It strikes me that whether the global climate is shifting more to warmer temperatures or to cooler temperatures, there will be economic winners and losers somewhere on the planet. For some regions, the prospect of global warming ought to be celebrated. In others, it ought to be feared. Regardless of what humans do, however, we can know with certainty that climate change will continuously occur. As the effects of climate change are observed, it would behoove us to build better infrastructure and adapt to nature, rather than try to anticipate and adapt nature to us.

Look at Holland. Using medeval technology, they reclaimed vast areas from swamp and sea, in spite of some pretty horrible weather. The improvement to their infrastructure not only allowed more land to be cultivated so as to support a larger population, but reduced property and casualty risk. The infrastructure tamed mother nature and enabled them to become the wealthiest most commercially-prosperous nation in the world for a very long while.
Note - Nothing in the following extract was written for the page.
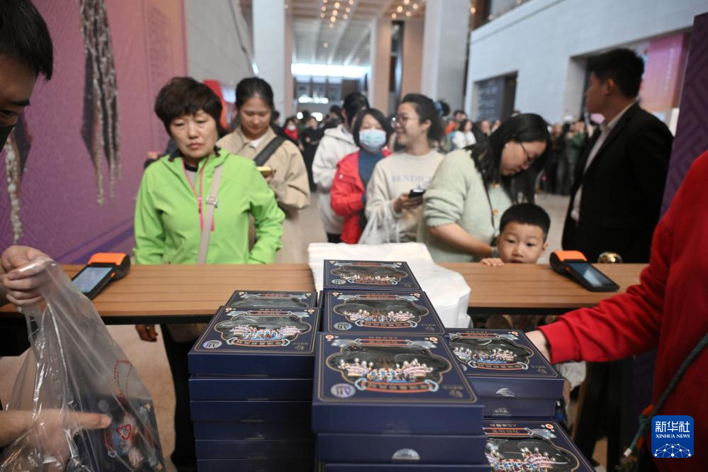 3月25日,觀眾在北京中國國家博物館排隊購買鳳冠冰箱貼。

Another great thing about infrastructure improvements are that its beneficial effects are immediate, predictable, and verifiable. If you make New Orleans' infrastructure capable of withstanding a 40-foot storm surge from any direction, no doubt more insurers would be willing to provide coverage in New Orleans, insurance rates would decline, and the residents of New Orleans would benefit...with or without having to even test the infrastructure with a Cat 5 storm for another decade or so. This is very different from legislation coming out of only one country in the world that attempts to apply vague processes to a vague climate model with highly uncertain localized impacts. How does anybody (except for bureaucrats, investment bankers, and the shareholders of companies within a lucky few industries that received more than their fair share of carbon permits) benefit immediately from that?

Maybe the prospect of Global Warming is rightly concerning for many (albeit certainly not all) populations, but perhaps mitigating the localized effects as they are recognized is more cost-effective than attempting to eliminate only the vaguely-understood anthropogenic causes of a malady that is global in scope and that can never totally be stabilized.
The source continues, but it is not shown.